Source: NJ Spotlight News
PART ONE
To train the perinatal professionals, the Quality Institute created scenarios that involved people in crisis both before and after giving birth. One scenario descries Maria, who is nine weeks pregnant with her second child, but “ultimately experiences early, worsening, and then crisis mental-health signs and symptoms” the institute notes.
The Quality Institute led training sessions that stretched over four days, largely in communities in Essex, Union and Morris counties, it said. As a result, 90 perinatal community health workers were certified in pregnancy-related mental health first aid.

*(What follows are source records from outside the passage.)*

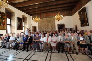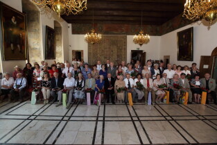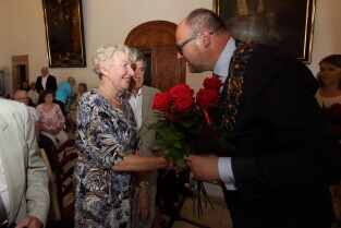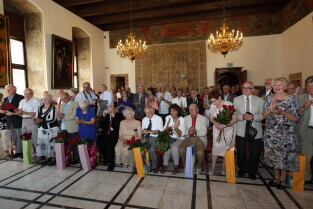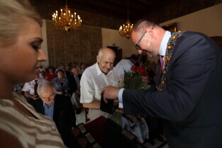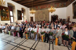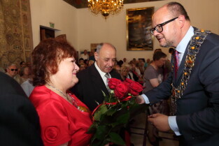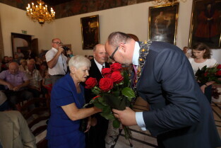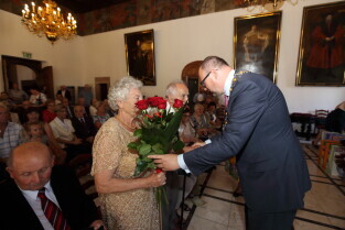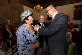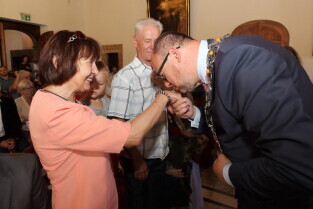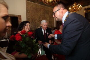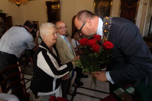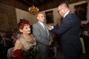 Jubileusz Par Małżeńskich - "Złote Gody". Gdańsk, Ratusz Głównomiejski. Prezydent Gdańska Paweł Adamowicz wręcza medale za 65-, 60- i 50-lecie pożycia małżeńskiego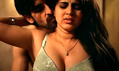 Brunette slut with big natural breasts in fishnet stockings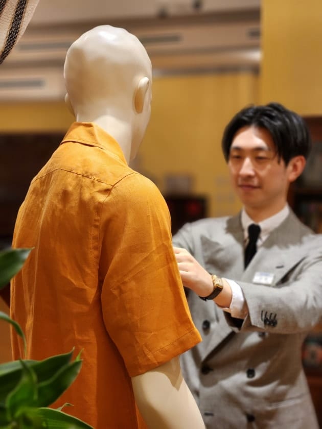 マネキンに睨まれながらも着せかえをしているのはスタッフ宮原。
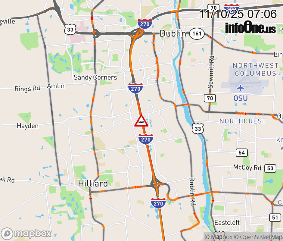 The 2 right lanes are blocked on I-270 South beyond Tuttle Crossing Blvd, due to a crash. Updated: Mon 11/10/25 7:06 AM EST ![]() |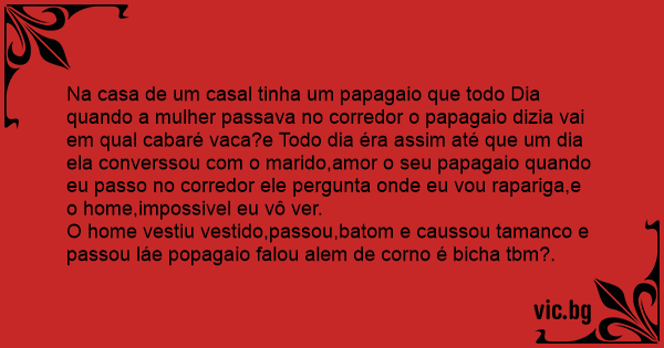Na casa de um casal tinha um papagaio que todo Dia quando a mulher passava no corredor o papagaio dizia vai em qual cabaré vаса?e Todo dia éra assim até que um dia ela converssou com o marido,amor o seu papagaio quando eu passo no corredor ele pergunta onde eu vou rapariga,e o home,impossivel eu vô ver.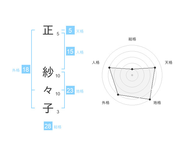正 紗々子さんの天格は5画の4点!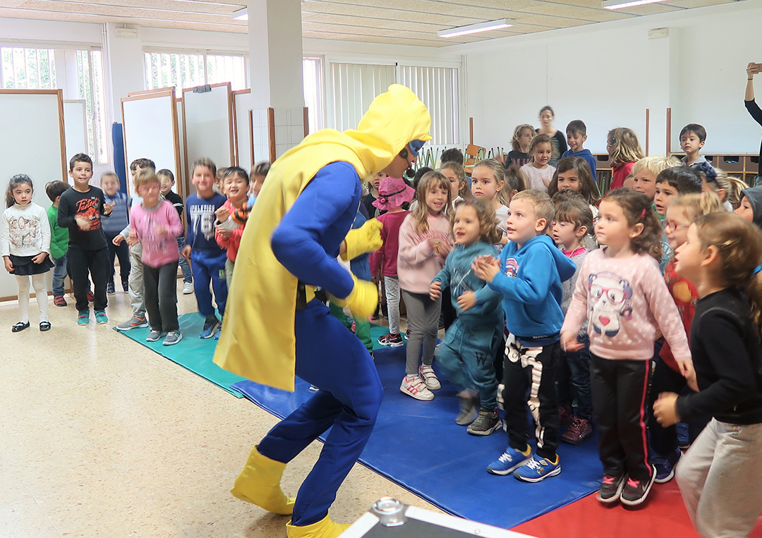 El `Guerrero de la Limpieza´ ha entregado a cada uno de los alumnos un imán de nevera con su imagen y los contenedores en los que deben depositar cada residuo con el fin de que “transmitan su mensaje en sus casas y sean parte de su patrulla de la limpieza”. Los escolares han bailado con el actor que encarga a este personaje, han hecho trucos de magia a su lado y han mostrado su compromiso con el medio ambiente.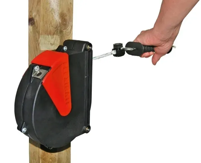 Zestaw Flexigate umożliwa podłączenie wejścia padoku do obwodu elektrycznego zawartego w ogrodzeniu. W trakcie otwarcia taśma lub linka zostaje zwinięta automatycznie wewnątrz kasety.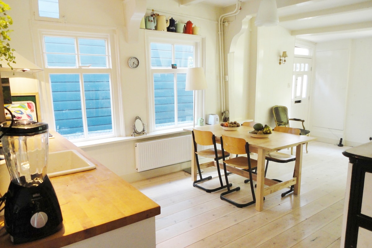 Alquilas la planta superior de nuestra casa flotante: un lugar tranquilo con hermosas vistas sobre el agua, cerca de Ámsterdam Central. Con el ferry gratuito, puedes llegar al bullicioso centro de la ciudad en 15 minutos, mientras que en el barco puedes disfrutar del silencio. Extra agradable: plazas de aparcamiento privado gratuitas justo delante de la puerta, algo único en Ámsterdam, donde el aparcamiento suele ser muy caro.
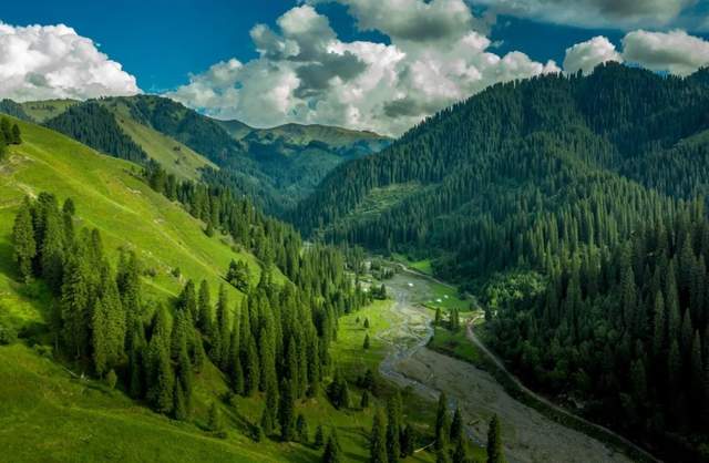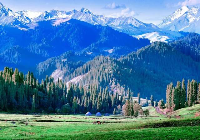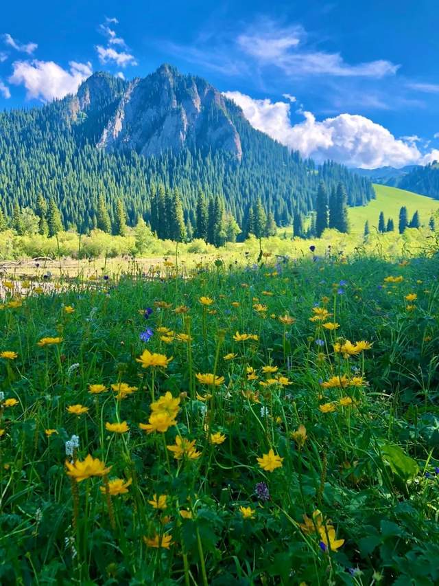 唐布拉草原位于喀什河上游南岸阿吾拉勒山北坡唐布拉溝內(nèi);唐布拉草原是伊犁地區(qū)著名的草原之一,風(fēng)景優(yōu)美,當(dāng)沿著喀什河谷溯源而上,行至唐布拉溝口時(shí),喀什河谷地形開(kāi)闊,兩岸河流階地十分發(fā)育。河流階地豐茂的草原上百花盛開(kāi),然而只有進(jìn)入唐布拉溝內(nèi)才開(kāi)始見(jiàn)茂密的云杉林。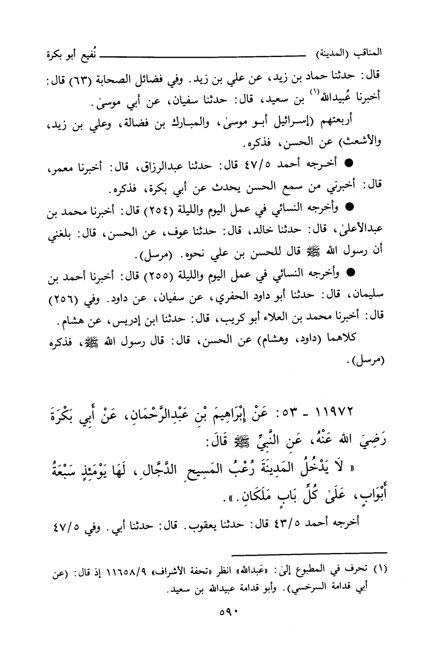 ١١٩٧٢ - عَنْ إِبْرَاهِيمَ بْنِ عَبْدِ الرَّحْمَانِ، عَنْ أَبِي بَكْرَةَ، رَضِيَ اللهُ عَنْهُ، عَنِ النَّبِيِّ صلى الله عليه وسلم، قَالَ: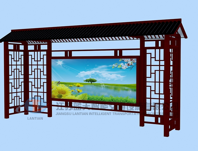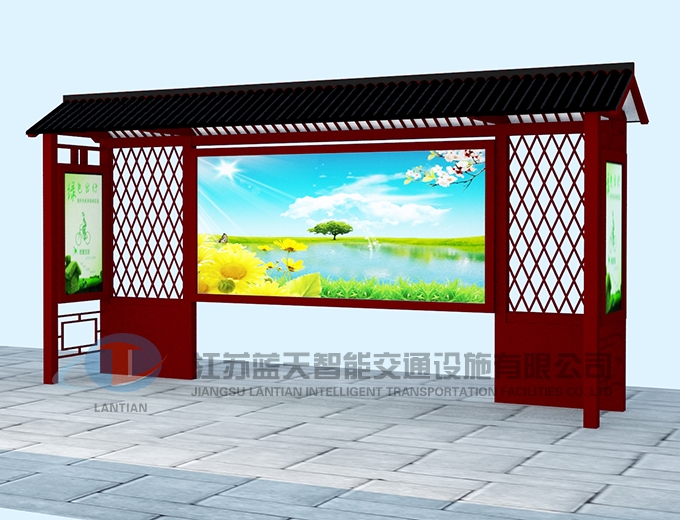 江苏蓝天智能交通设施有限公司是一家生产宣传栏,候车亭,公交站台,阅报栏,指路牌,广告垃圾箱,滚动换画灯箱等系列产品厂家!产品多达上百种,亦可根据客户的需求加工制作各种型号、规格的产品。目前已经成功的向市场推出装备有太阳能的各类产品,紧跟国家倡导“节能低碳”的环保政策。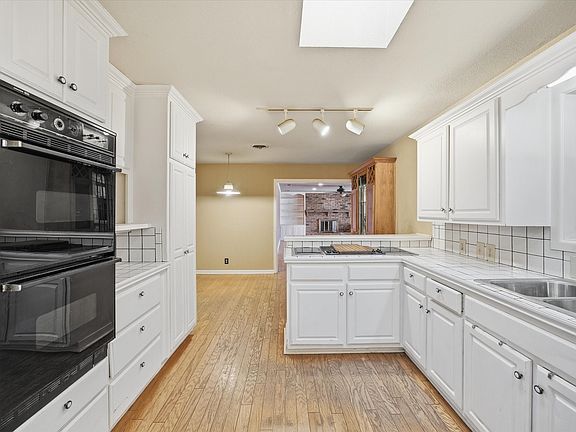 Set along a peaceful street framed by mature trees, this brick home caries a timeless ease. The living room has always felt like the heart of the home, with wood floors and anchored by a brick fireplace surrounded by built in bookshelves with cabinet like doors-creating a natural backdrop for family photos, well read books and the little treasures collected over the years. Natural light from the skylight guides you toward the kitchen, where morning light spills across the white cabinets and tile countertops. The double ovens, electric cooktop and open counter space makes cooking feel effortless. Just before the kitchen, sits a built in hutch with drawers and a mini fridge making it the perfect stop for grabbing a cold drink or quick snack before heading out for the day. The formal dining room has a way of gathering people, no matter the occasion. Whether it was a holiday feast or a simple meal shared after a long day, the room feels like a place where conversations linger long after plates were cleared from the table. The primary bedroom feels like a retreat, tucked away with a generous 6 x 12 walk in closet featuring built in drawers, shelving for your favorite pairs of shoes and abundant hanging space to display your wardrobe. The primary bathroom extends the comfort with dual sinks, full length mirror aligning the countertops, a skylight overhead allowing in for natural light and a walk in shower equipped with supportive rails. Out back, the 25 x 14 patio has been the backdrop for countless memories-birthday parties, summer dinners, quiet mornings and starlit nights. The wooden privacy fence wraps around the backyard where two sheds-one being a 17 x 9 shed with electricity and a window unit making it the ideal space to create art or store holiday decorations. The two car garage includes three separate closets so storage is never in short supply. If you're looking for a place where life naturally happens and memories take root, come see where your story begins.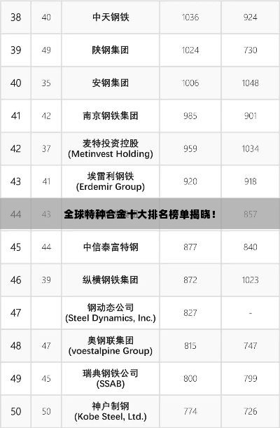 特种合金因其独特的物理、化学性能,被广泛应用于航空、航天、化工、医疗等领域,以下是世界特种合金排名前十名,这些合金因其出色的性能和广泛的应用领域而备受瞩目。

Surveys and interviews with these workers showed almost everyone learned something about mental health, the related stigma and how to help those who suffer from psychological issues when pregnant. More than nine out of 10 said they also gained an understanding of the community resources that are available to help patients who are struggling, according to the institute. Many trained also said they found the experiencing empowering and confidence-building.
When surveyed three to six months later, participants said they continued to use the skills they learned when working with pregnant clients, the Quality Institute reported. “Adding maternity-specific scenarios to the existing Mental Health First Aid curriculum is an immediate way to provide mental health education to perinatal community health workers,” the Quality Institute wrote in a white paper on the program.
Linda Schwimmer, the president and CEO of the institute, said they are continuing to conduct training sessions in New Jersey, thanks in part to funding from the Healthcare Foundation of New Jersey. The institute has also hired the South Jersey Perinatal Consortia, a collaboration involving health care clinicians and providers, to train the professionals who lead wrap-around programs for those who go through pregnancy with substance abuse issues, she said.
Earlier this month the institute’s perinatal training model was approved by the National Council for Mental Wellbeing for use nationwide. America has for years had the highest maternal-mortality rate of any wealthy nation and this gap is growing, according to the Commonwealth Fund foundation, with nearly 24 deaths per 100,000 live births here as of 2022, more than three times that of the United Kingdom, Sweden and Switzerland and 10 times that of Australia.
“As a certified instructor who helped pilot these new scenarios, it’s gratifying that our work at the Quality Institute will now support efforts throughout the country to address maternal mental health,” Pierre-Jacques wrote.